Interestingly, and rather confusingly, the appellate courts appear less certain about whether equitable estoppel can be applied against the State, at least when there has been noncompliance with the jurisdictional requirements of the Court of Claims Act (see, generally, Klopfle v New York State Thruway Auth., 177 AD2d 1059, 1060 [4th Dept 1991] and cases cited therein; see also Rodriguez v State of New York, __ AD2d __, 2003 WL 21756078 [3d Dept 2003]["A lack of subject matter jurisdiction is a defect that cannot be overlooked or remedied by either waiver or estoppel"]; Chapman v State of New York, 261 AD2d 814 [3d Dept 1999]["estoppel is not available against the State as a matter of policy"]; Pagano v New York State Thruway Auth., 235 AD2d 408 [2d Dept 1997] ["a lack of jurisdiction . . . cannot be cured by application of the doctrine of equitable estoppel"]; but see Selkirk v State of New York, 249 AD2d 818 [3d Dept 1998][estoppel inapplicable because no showing that claimants relied on any fraud or misrepresentation by the State]; Klopfle v New York State Thruway Auth., 177 AD2d 1059, supra [declining to decide whether estoppel may be applied to excuse a claimant's failure to comply with service requirements]).

It is not necessary for the Court to decide, at this time, whether equitable estoppel is available, because in the situation presented here the necessary elements simply are not present. Although the officials at Upstate Correctional Facility may have breached their duty to provide an appropriate number of CMRRR slips for the inmates, they did nothing that led claimant to believe that he could safely serve his claim by regular mail. He was aware that the Court of Claims Act required CMRRR, and he was aware on November 26, 2002, when his administrative remedies were exhausted (see, Memorandum from Superintendent attached to claim) that he had 120 days, or until March 26, 2003 in which to commence his action (Court of Claims Act §10[9]). Whether one uses the dates indicated by Correction Officer Bennett or the dates indicated by claimant's exhibits, it is evident that claimant knew before the expiration of the 120 days that he might have a problem obtaining a CMRRR slip. There were, without doubt, several options available to claimant at that point, options that included explaining the problem to his inmate counselor or writing a letter to the Superintendent or the officer in charge of the Law Library.
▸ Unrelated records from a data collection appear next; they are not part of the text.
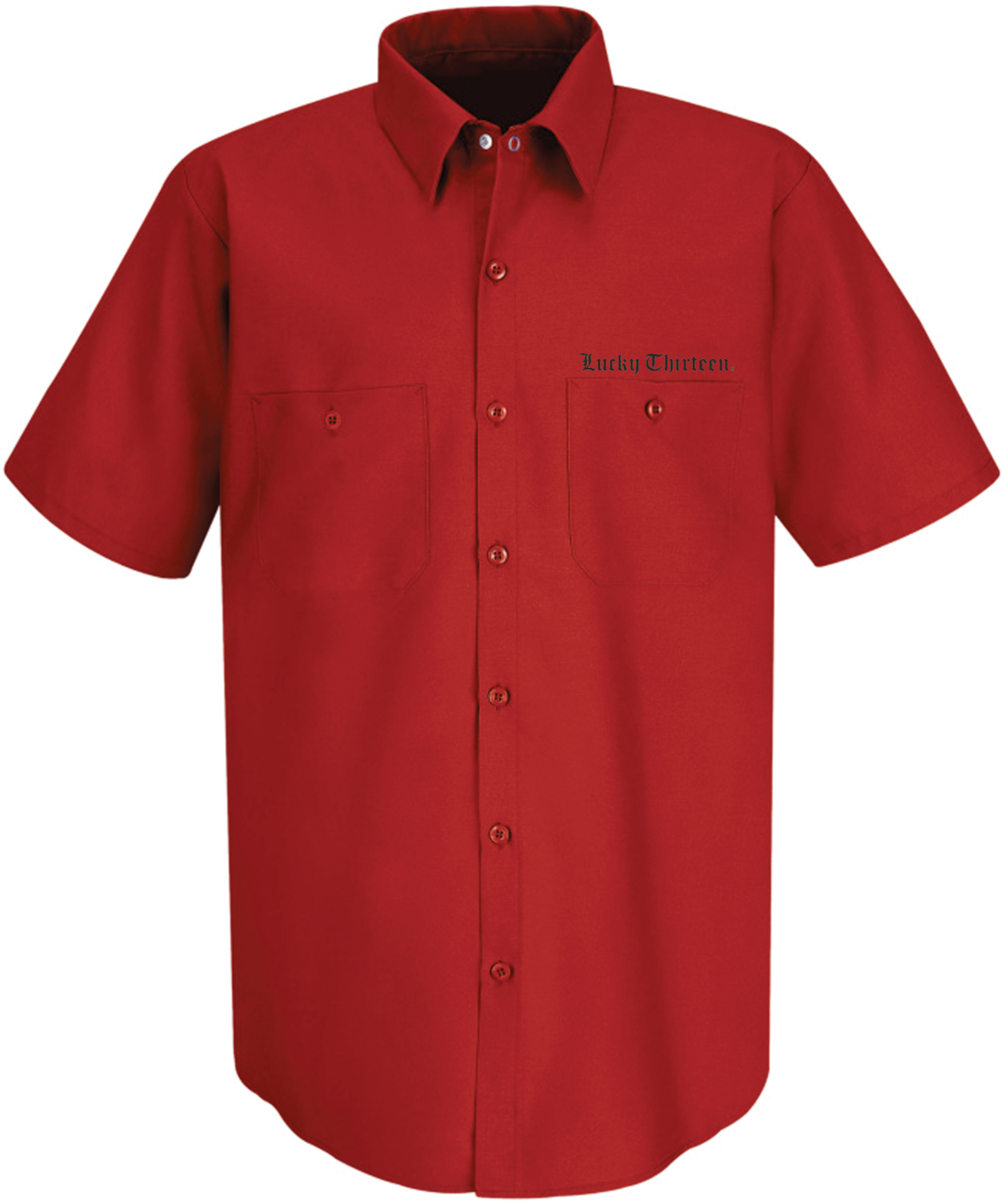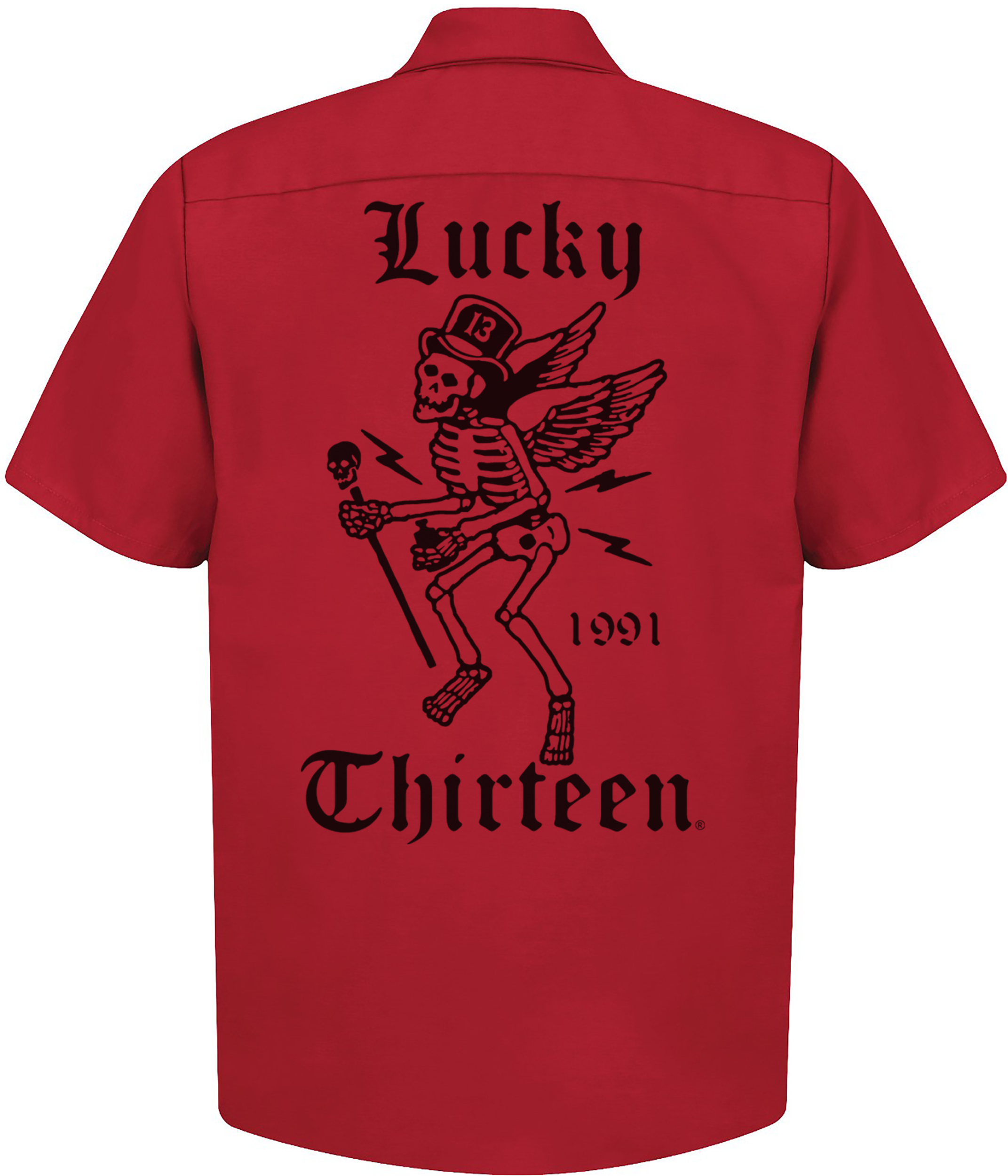 The WINGED SKULLY short sleeve work shirt is a cotton/poly blend fabric with Touchtex technology, which has superior color retention, soil resistance, durable press, and wick-ability. It has a two-piece lined collar with sewn-in stays, six-button front with gripper at the neck. Two button-through, hex-style pockets with a "Lucky Thirteen" embroidery above the left one. There is a full back print of the old school "Winged Skully" design.
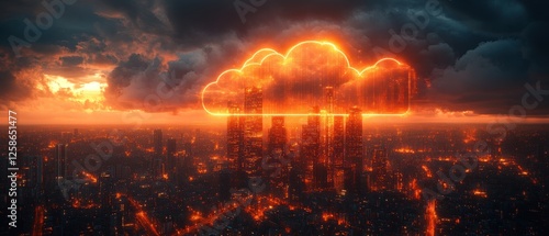 Fototapeta premium Glowing Cloud Above a Cityscape at Sunset
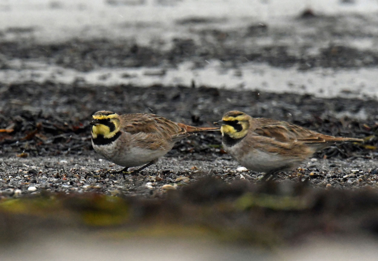 Beskrivelse: Efter et ganske kort ophold på stranden fik en medobservatør øje på de 5 bjerglærker. Til trods for en del finregn fik barnebarnet Nicolaj et par hæderlige billeder.
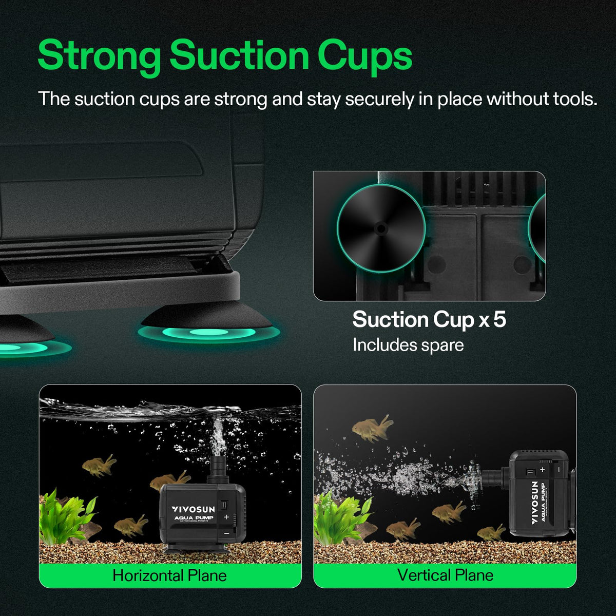Q: Is the VIVOSUN Submersible Pump easy to clean and maintain?A: Yes, the VIVOSUN Submersible Pump is designed to be detachable and cleanable without the need for additional tools, making maintenance straightforward.
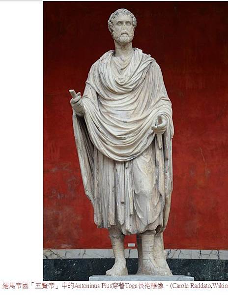 羅馬帝國「五賢帝」中的Antoninus Pius穿著Toga長袍雕像。(Carole Raddato,Wikimedia Commons)
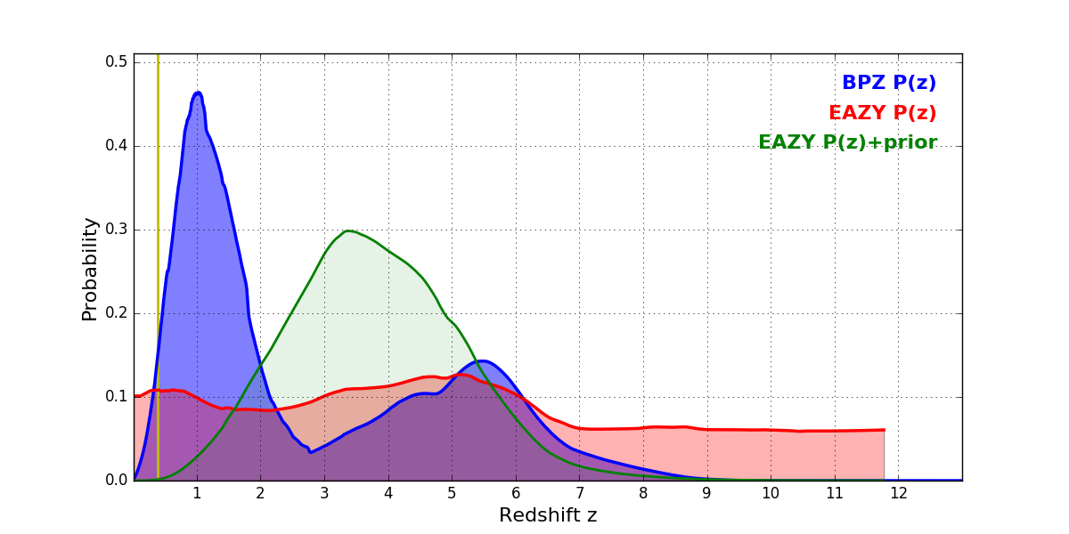 In P(z) plots: Yellow lines mark the cluster redshift z = 0.390,
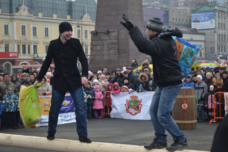 Cегодня на центральной площади Владивостока прошли народные гуляния “Широкая Масленица”. Несмотря на пасмурную и прохладную погоду на площади было весьма многолюдно. Все желающие могли угоститься вкусным пловом, шашлыками и попить горячего чаю с блинами. Кроме этого для пришедших проводились различные конкурсы с призами. Бой подушками и бег в мешках и другие развлекательные мероприятия.

What he did, however, was to serve his claim by regular mail on February 10, 2003. Because he took no action to remedy the situation before serving his claim and did not even wait the full time allowed to him on February 10, 2003, claimant would be unable to prove that the actions of the State, rather than his own inaction, caused him to use regular mail service. In this instance, therefore, equitable estoppel could not apply.
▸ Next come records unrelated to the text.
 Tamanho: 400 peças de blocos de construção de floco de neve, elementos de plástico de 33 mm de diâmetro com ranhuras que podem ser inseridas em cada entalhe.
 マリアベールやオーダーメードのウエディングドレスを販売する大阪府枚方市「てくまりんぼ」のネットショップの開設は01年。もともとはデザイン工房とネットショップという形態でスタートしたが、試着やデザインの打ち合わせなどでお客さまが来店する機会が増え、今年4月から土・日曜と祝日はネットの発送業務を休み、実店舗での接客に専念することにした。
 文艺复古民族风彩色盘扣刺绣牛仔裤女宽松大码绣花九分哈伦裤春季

Because the claim was not served personally[1] or by CMRRR, it is jurisdictionally defective and this Court does not have the power to entertain the lawsuit. Claimant's motion, which is deemed a motion to strike defendant's first affirmative defense is denied and defendant's cross-motion to dismiss the claim is granted.

August 25, 2003
Albany, New York

Judge of the Court of Claims

The following papers were read on claimant's motion "for an order allowing claimant to proceed on the merits of his claim" and on defendant's cross-motion for an order of dismissal:
1. Notice of Motion and Supporting Affidavit of Charles Williams, pro se, with annexed Exhibit

2. Notice of Cross-Motion and Supporting Affirmation of Kathleen M. Resnick, Esq., AAG, with annexed Exhibits

3. Affidavit in Opposition to the Cross-Motion (captioned "Notice of Cross-Motion") of Charles Williams, pro se, with annexed Exhibit

Filed papers: Claim; Answer

[1] The method for effecting personal service on the State is set out in CPLR 307 and requires that delivery must be made to an Assistant Attorney General at the Office of the Attorney General or to the Attorney General himself anywhere within the State. Claimant's argument that because the claim was delivered by an employee of the Postal Service it was personally served is unavailing.